The following security vulnerability issues are resolved in PureDisk
6.5.1:

* ET1258575 - Authenticated users could crash the LDAP server's slapd
process using the "NOOP" command.

* ET1263651 - Multiple PHP and Perl Compatible Regular Expressions (PCRE)
vulnerabilities, the most serious vulnerabilities allow unauthenticated
users to trigger a buffer overflow and potentially execute arbitrary code.

* ET1279547 - The PureDisk configuration of apache allows the discovery
of the available system users.

* ET1279550 - The PureDisk storage pool authority and metabase server
expose that they are running PHP.

* ET1283905 - If OpenSSL has been compiled using the non-default
Transport Layer Security server name extensions, a remote attacker could
send a carefully crafted packet to a server application using OpenSSL and
cause it to crash. Affects OpenSSL 0.9.8f and OpenSSL 0.9.8g.

* ET1294264 - A vulnerability caused by an error in the
"ap_proxy_http_process_response()" function when forwarding interim
responses has been reported in the Apache mod_proxy module, that
potentially can be exploited to cause a Denial of Service attack.

* ET1294262 - Improper quoting in some parts of Vim written in the Vim
Script can lead to arbitrary code execution upon opening a crafted file.

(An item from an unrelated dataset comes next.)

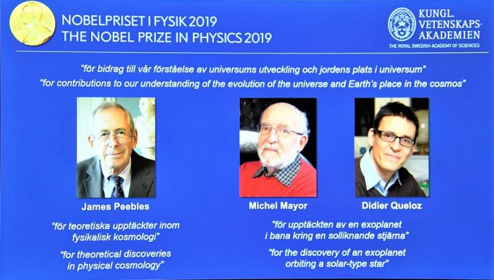 Os pesquisadores James Peebles, nascido no Canadá e naturalizado americano, Michel Mayor e Didier Queloz, ambos da Suíça, foram laureados na terça-feira (8) com o Prêmio Nobel de Física 2019 por suas contribuições para o entendimento da evolução do Universo e do lugar que a Terra ocupa no Cosmos.

* ET1303860 - It is possible to send SQL commands through the
MetabaseFind interface that could potentially result in the loss of a SQL
database.

* ET1377416 - The net-snmp package has a denial of service vulnerability
(CVE-2008-2292), an authentication bypass (CVE-2008-0960) and other
memory leaks.

* ET1378552 - Multiple heap-based buffer overflows in the encryption and
decryption functions in crypto.c in libexslt in libxslt 1.1.8 through
1.1.24 allow context-dependent attackers to execute arbitrary code via an
XML file containing a long string as "an argument in the XSL input."

* ET1378801 - Two vulnerabilities (CVE-2008-2370 and CVE-2008-1232)
affect tomcat 5.5.26 which is used by VRTSweb.

* ET1379686 - liblber/io.c in OpenLDAP 2.2.4 to 2.4.10 allows remote
attackers to cause a denial of service (program termination) via crafted
ASN.1 BER datagrams that trigger an assertion error.

* ET1384621 - Weak passwords are temporarily cached authentication for
MRTws.

* ET1392160 - Multiple heap-based buffer overflows in the Network Data
Representation (NDR) parsing in smbd in Samba 3.0.0 through 3.0.25rc3
allow remote attackers to execute arbitrary code through a crafted MS-RPC
request.

* ET1437524 - Multiple heap-based buffer overflows in the NDR parsing in
smbd in Samba 3.0.0 through 3.0.25rc3 allow remote attackers to execute
arbitrary code through a crafted MS-RPC request.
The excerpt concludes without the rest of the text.